What are the digits used in base two?
-Base two uses two digits which are zero and one.
How many digits does base ten have?
-Base ten uses 10 digits which are 0 to 9.
What is the place value of each digit in the number 6231 in base eight?
-The place values from right to left are eight to the power of zero, eight to the power of one, eight to the power of two, and eight to the power of three.
How do you calculate the digit value of a particular digit in a number?
-The digit value is calculated by multiplying the digit by its place value.
What is the number value of the number 6231 in base eight?
-The number value is calculated by summing the digit values: 6 * 512 + 2 * 64 + 3 * 8 + 1 * 1 which equals 3220.
How do you convert a base 10 number to a different base using division by place value?
-You write down the place values of the target base, starting from the rightmost digit. Then you determine how many times each place value fits into the number, writing down the quotient and carrying over the remainder to the next place value.
What is the base 5 representation of the number 563 in base 10?
-The base 5 representation of 563 in base 10 is 4223.
How can you convert a number from base 6 to base 10?
-You multiply each digit by its corresponding place value and sum up all the products to get the base 10 number.
What is the process of converting a number from base 8 to base 2?
-Each digit in base 8 is equivalent to three digits in base 2. You convert each digit into three binary digits using the values 4, 2, and 1, and then combine them.
How do you perform addition in different number bases?
-You can either write the numbers vertically and add them digit by digit, carrying over as necessary, or convert the numbers to base 10, perform the addition, and then convert the result back to the original base.
Can you provide an example of subtracting numbers in base 6?
-Yes, to subtract numbers in base 6, you can either perform the operation directly in base 6 by borrowing as necessary, or convert both numbers to base 10, perform the subtraction, and then convert the result back to base 6.

Outlines

00:00

📘 Introduction to Number Bases

Teacher Daisy introduces the concept of number bases in Form 4 Chapter 2. She explains that different bases use varying digits, such as base 2 with 0 and 1, base 3 with 0 to 2, and so on up to base 10 with 0 to 9. The script provides an example of counting balls in base 2, base 3, and base 10, emphasizing the use of only two digits in base 2 (0 and 1). It also explains the concept of place values, which are determined by the base raised to the power of the position number. The script concludes with an example of calculating place values for numbers in base 8 and base 2.

05:03

🔢 Understanding Digit Values

This section delves into the concept of digit values, which are calculated by multiplying a digit by its place value. The script provides examples of determining the value of an underlined digit in numbers given in base 8 and base 9. It then explains how to calculate the number value of a given number in various bases by summing the digit values. Examples are given for numbers in base 8 and base 2, with the process of converting these to base 10 values and then back to their original base.

10:03

🔄 Converting Numbers Between Bases

The script teaches two methods for converting numbers from one base to another: division using place value and division using base value. It demonstrates the conversion of the decimal number 563 to base 5 and base 8 using both methods. The process involves dividing the number by increasing powers of the target base and recording the remainders to construct the number in the new base.
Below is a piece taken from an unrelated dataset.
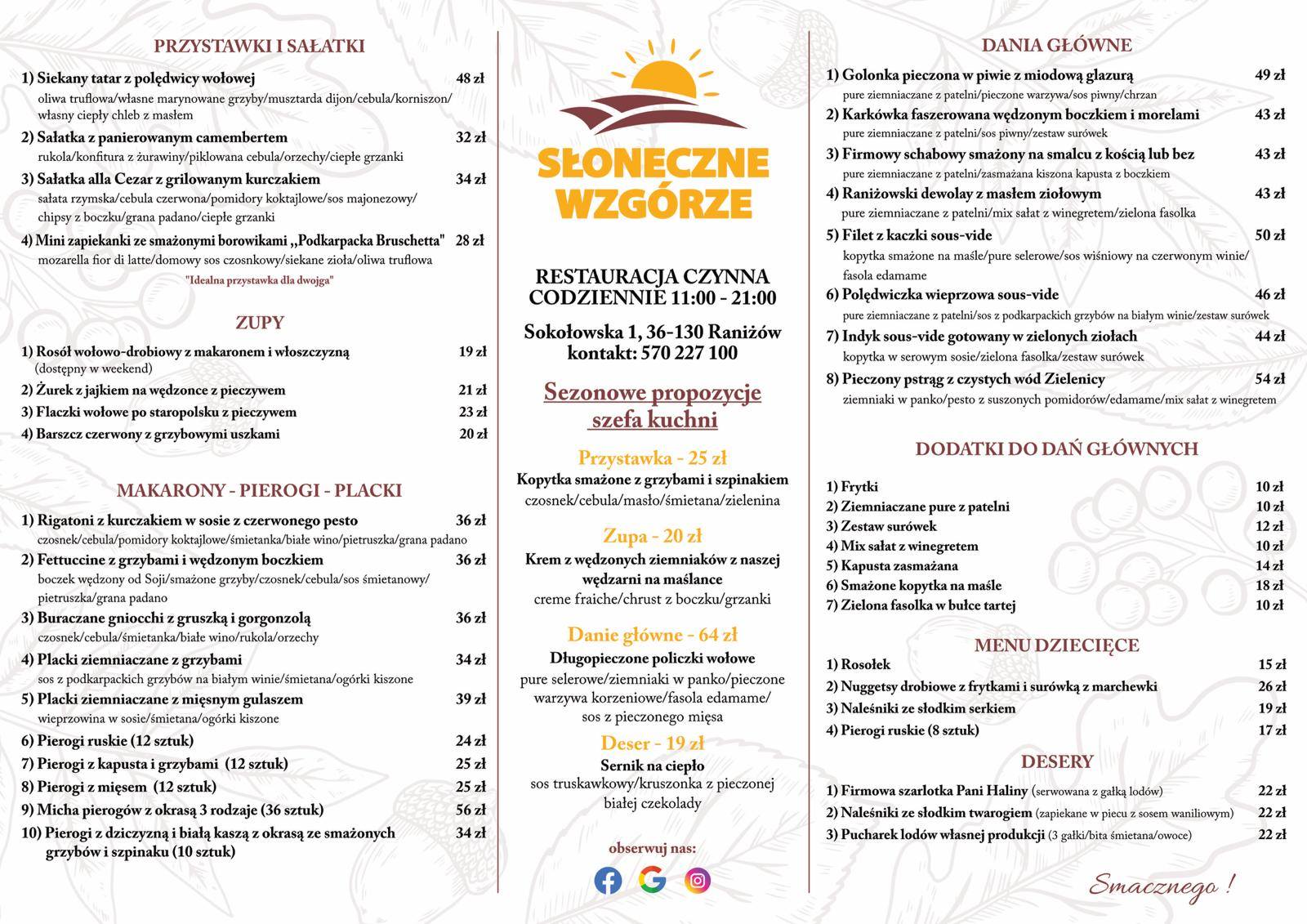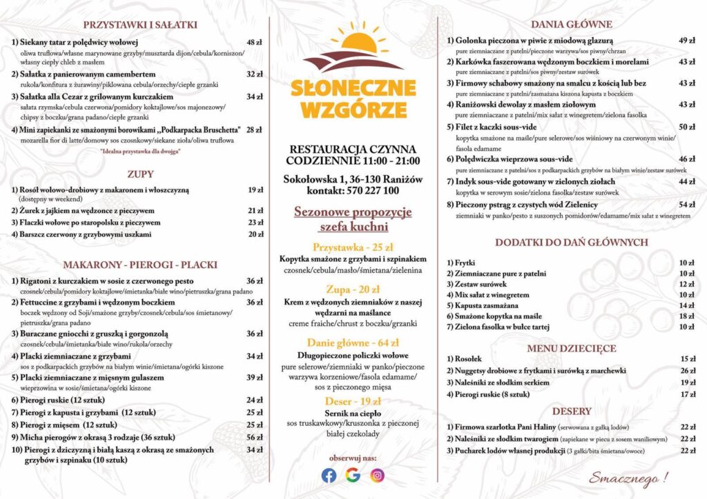 Zajazd , Restauracja Słoneczne Wzgórze w Raniżowie ZESTAW DNIA ZUPA DNIA + DANIE DNIACodziennie od poniedziałku od piątkuNasz Szef kuchni przygotowuje dla Państwa nowe, zróżnicowane zestawy dnia. Kontakt Restauracja Słoneczne Wzgórze 570 227 100

The script shows that both methods yield the same result.

15:05

🧮 Advanced Base Conversions and Calculations

This part of the script covers the conversion of numbers from base 6 to base 9 and from base 2 to base 8, as well as the reverse, from base 8 to base 2. It explains the process of grouping digits in threes for base 2 to base 8 conversions and vice versa, using the equivalence of three binary digits to one octal digit. The script also mentions the use of calculators for base conversions, suggesting the use of specific functions for different bases.

20:07

➕➖ Addition and Subtraction in Number Bases

The final paragraph discusses methods for performing addition and subtraction in different number bases. It introduces the use of vertical form for direct calculations and the conversion of numbers to base 10 for easier computation. Examples are provided for adding and subtracting numbers in base 2 and base 6, showing how to convert to base 10 for calculation and then back to the original base. The script concludes with a concept map for the chapter and an invitation for feedback and engagement from viewers.

Mindmap

Keywords

💡Number Bases

Number bases refer to the system of representing numbers using a set of digits. In the video, various bases such as binary (base 2), ternary (base 3), and decimal (base 10) are discussed. Each base uses a different number of digits, for example, binary uses 0 and 1, while decimal uses 0 to 9. The concept is central to the video's theme of teaching number systems, as it lays the foundation for understanding how numbers are represented in different bases.

💡Digit

A digit is a single symbol that represents a value in a positional numeral system. In the context of the video, digits are the building blocks of numbers in any base. For instance, binary digits are '0' and '1', and decimal digits range from '0' to '9'. Understanding digits is crucial for grasping how numbers are constructed and interpreted in different bases.

💡Place Value

Place value denotes the value of a digit based on its position within a number. The video explains that in any base, the place value is calculated by multiplying the base raised to the power of the digit's position. For example, in base 8, the rightmost digit has a place value of 8^0, the next has 8^1, and so on. This concept is essential for calculating the value of numbers in different bases.

💡Digit Value

Digit value is the numerical value of a particular digit in a number, which is found by multiplying the digit by its place value. The video uses examples such as calculating the digit values in base 8 and base 2 numbers to demonstrate how to find the value of each digit within a number. This is a key step in determining the overall value of a number in any given base.

💡Number Value

Number value is the total value of a number in a given base, calculated by summing the digit values. The script provides examples of finding the number value of base 8 and base 2 numbers by adding up the digit values. This concept is fundamental to understanding the magnitude of numbers across different bases.

💡Conversion

Conversion in the video refers to the process of changing a number from one base to another. The script describes methods for converting numbers between bases like base 2, base 5, and base 8. Conversion is a central theme as it allows understanding and comparison of numbers across different numeral systems.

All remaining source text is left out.